I would like the lines below, from the one with "भागलपुर : भागलपुर" through the one with "This is a pack", copied exactly and without any pictures.
[[ AVAILABLE DATA, beginning ]]
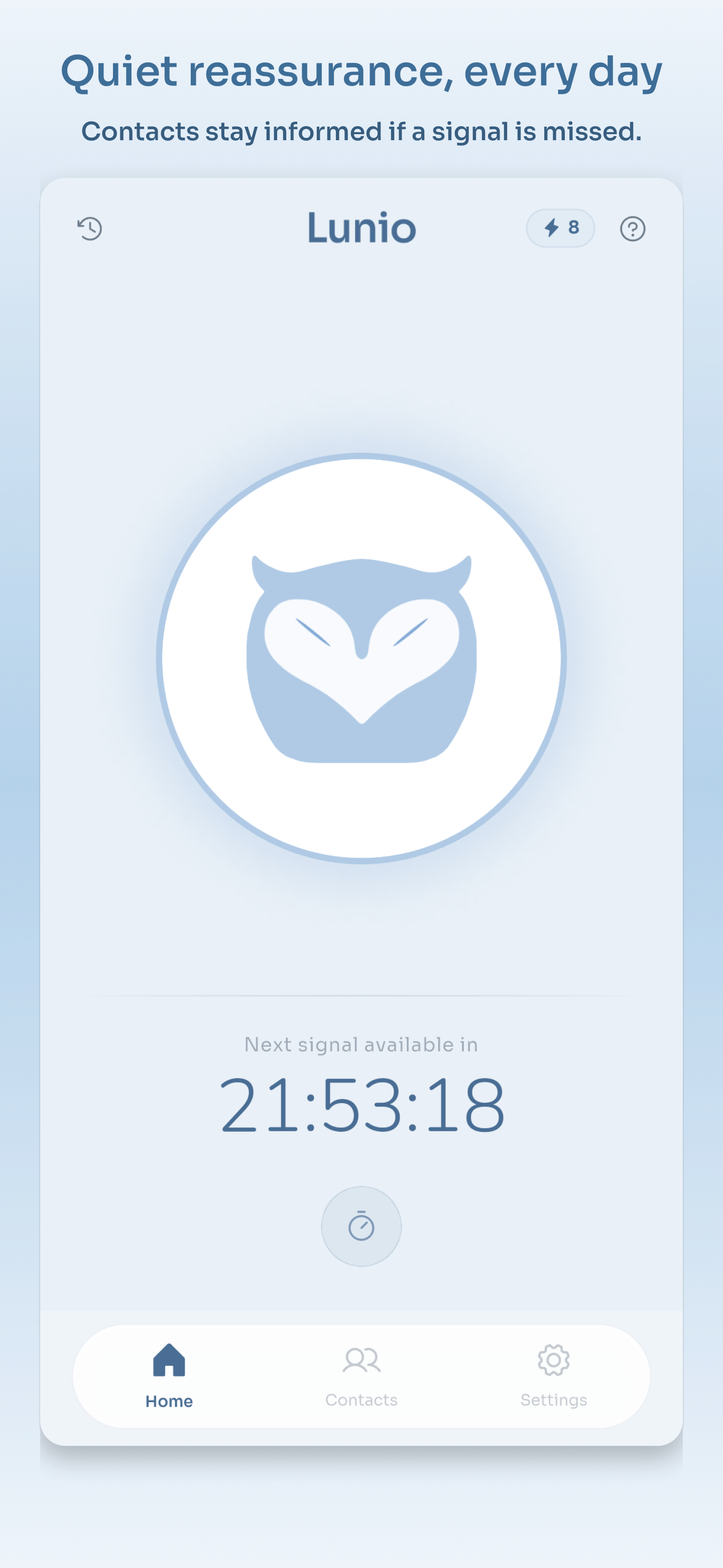 One tap a day. Automatic alerts when it matters. No GPS, ever.
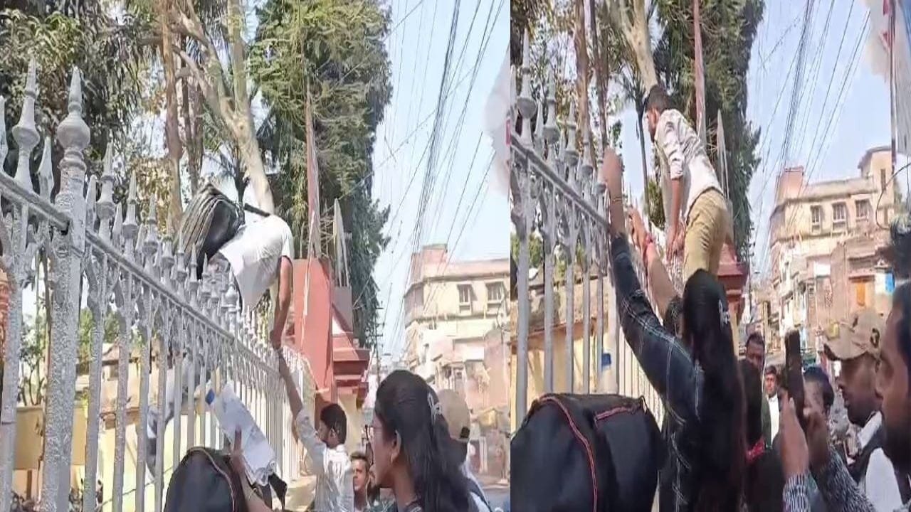 भागलपुर : भागलपुर के मारवाड़ी पाठशाला में चल रहे बीपीएससी परीक्षा में समय पर नहीं पहुंचने पर छात्र-छात्राओं को प्रवेश नहीं करने दिया तो छात्र-छात्राओं ने शुक्रवार को दीवाल और ग्रिल फांदकर एग्जाम सेंटर घुस गए। जिसकी तस्वीर सामने आई। आपको बता दे कि बिहार में तीसरे चरण की शिक्षक भर्ती परीक्षा शुक्रवार को दो शिफ्ट में आयोजित की जा रही है। पहली शिफ्ट का पेपर सुबह 9:30 बजे से दोपहर 12:00 बजे तक हुआ। दूसरी शिफ्ट का पेपर दोपहर 2:30 से शुरू होगा और पांच बजे तक चलेगा पहले शिफ्ट के दौरान कुछ अभ्यर्थी एग्जाम सेंटर की दीवार और ग्रिल बांधकर अंदर घुसते नजर आए।
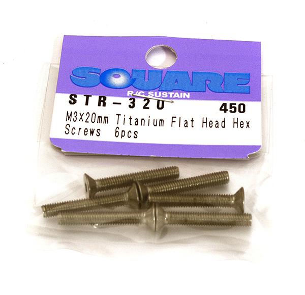 This is a pack of six 3 x 20mm Titanium flat head hex screws by SQUARE R/C. Made in Japan with high quality, high rigidity at about half the weight compared with standard hardware. Item# SQ-STR-320 Barcode: 4543880400530
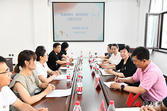 7月5日,J9平台党委副书记孙晓华在体育中心103室参加对接的体育部第三党支部 “忠诚固根本、建功新突破”主题党日活动,并对体育部进行调研。体育部第三党支部全体党员、体育部班子成员参加党日活动。
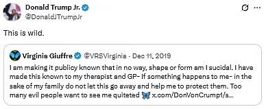 "Я не верю, что Вирджиния Джуффре покончила с собой. Так же, как я не верю, что Джеффри Эпштейн покончил с собой. Сначала она ла в автокатастрофу, а теперь говорят, что покончила с собой? Похоже, кто-то хотел ее смерти", – написала она в Х.
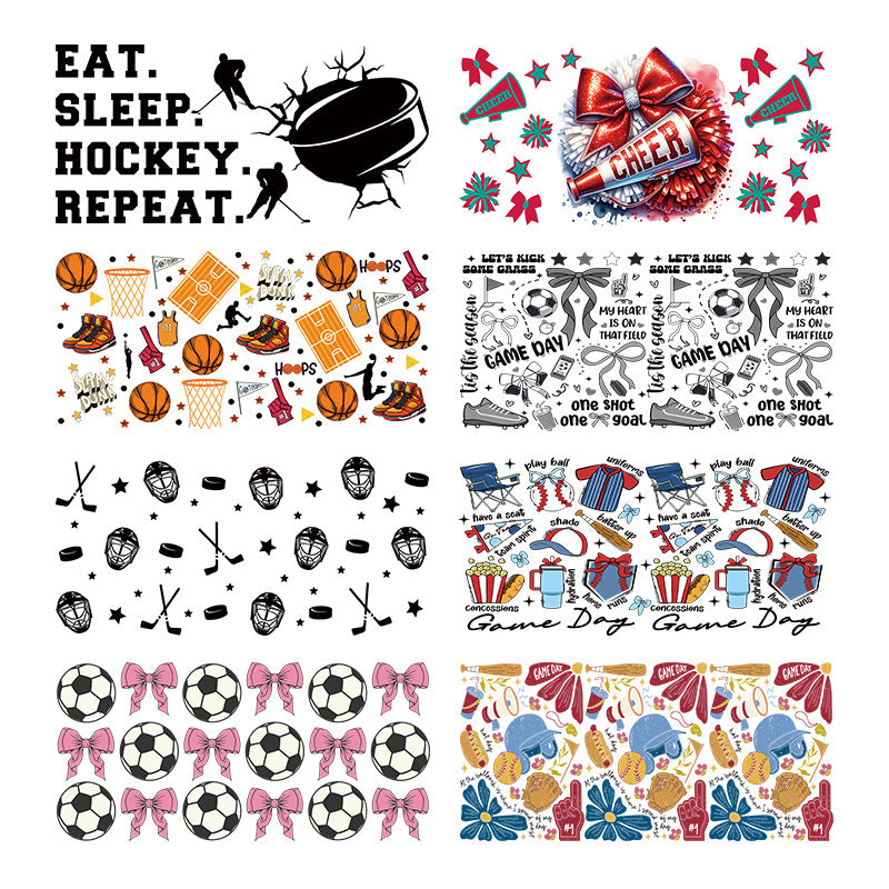 Wholesale Ball sports bow 16oz Cup UV DTF Wraps
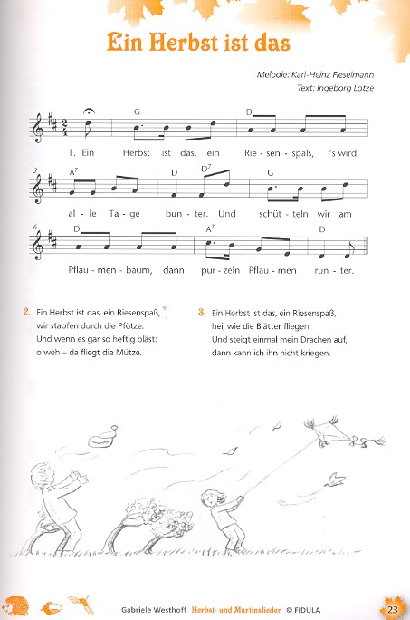 Erleben und Gestalten mit Stimme, Instrumenten, Bewegung und Material Der Herbst ist da: Bunt sind schon die Wälder Autumn comes Höhlenlied Herr Bst Sag nicht adieu Es pfeift der Wind: Wind, Wind, blase In Mutters Stübele Vent frais Nebel, Nebel, weißer Hauch: Feuchtes Nebelwetter Jede Stadt und jedes Land Es regnet, wenn es regnen will: No, no, no Was ist das für ein Wetter heut Novemberwetter Manchmal ist der Regen schön Schlampamper Erntezeit: Unter dem Birnbaum Im Häuschen mit 5 Stübchen Herbstmarkt Çekin halay Hejo, spann den Wagen an Blättertanz und Bäume: Es biegen sich die Bäume Falle, falle, gelbes Blatt Kastanienzeit und Nussmusik: Lauter kleine grüne Igel Ging ein Weiblein Nüsse schütteln Der Nussknacker Husten, Schnupfen, Heiserkeit: Alle Wetter, was für'n Wetter It's raining round Tiere im Herbst: Sieben Schwalben Leylek, leylek Fort, fort, fort und fort Vogelabschied Incy wincy spider Die Igelrugelei Drachen, Hexen und Gespenster: Hexen mit Besen Hundertzwei Gespensterchen Die Mühle, die braucht Wind: Das Mühlenrad Es klappert die Mühle am rauschenden Bach Guten Morgen, Herr Bäcker Sankt Martin: Kommt herab die dunkle Nacht Martin, Martin Laterne, Laterne: Ich geh mit meiner Laterne Licht in der Laterne Durch die Straßen auf und nieder Abends, wenn es dunkel wird Ich hab eine feine Laterne u. v. a. .
[[ AVAILABLE DATA, end ]]
__EXPECTED ANSWER__:
 भागलपुर : भागलपुर के मारवाड़ी पाठशाला में चल रहे बीपीएससी परीक्षा में समय पर नहीं पहुंचने पर छात्र-छात्राओं को प्रवेश नहीं करने दिया तो छात्र-छात्राओं ने शुक्रवार को दीवाल और ग्रिल फांदकर एग्जाम सेंटर घुस गए। जिसकी तस्वीर सामने आई। आपको बता दे कि बिहार में तीसरे चरण की शिक्षक भर्ती परीक्षा शुक्रवार को दो शिफ्ट में आयोजित की जा रही है। पहली शिफ्ट का पेपर सुबह 9:30 बजे से दोपहर 12:00 बजे तक हुआ। दूसरी शिफ्ट का पेपर दोपहर 2:30 से शुरू होगा और पांच बजे तक चलेगा पहले शिफ्ट के दौरान कुछ अभ्यर्थी एग्जाम सेंटर की दीवार और ग्रिल बांधकर अंदर घुसते नजर आए।
 This is a pack of six 3 x 20mm Titanium flat head hex screws by SQUARE R/C. Made in Japan with high quality, high rigidity at about half the weight compared with standard hardware. Item# SQ-STR-320 Barcode: 4543880400530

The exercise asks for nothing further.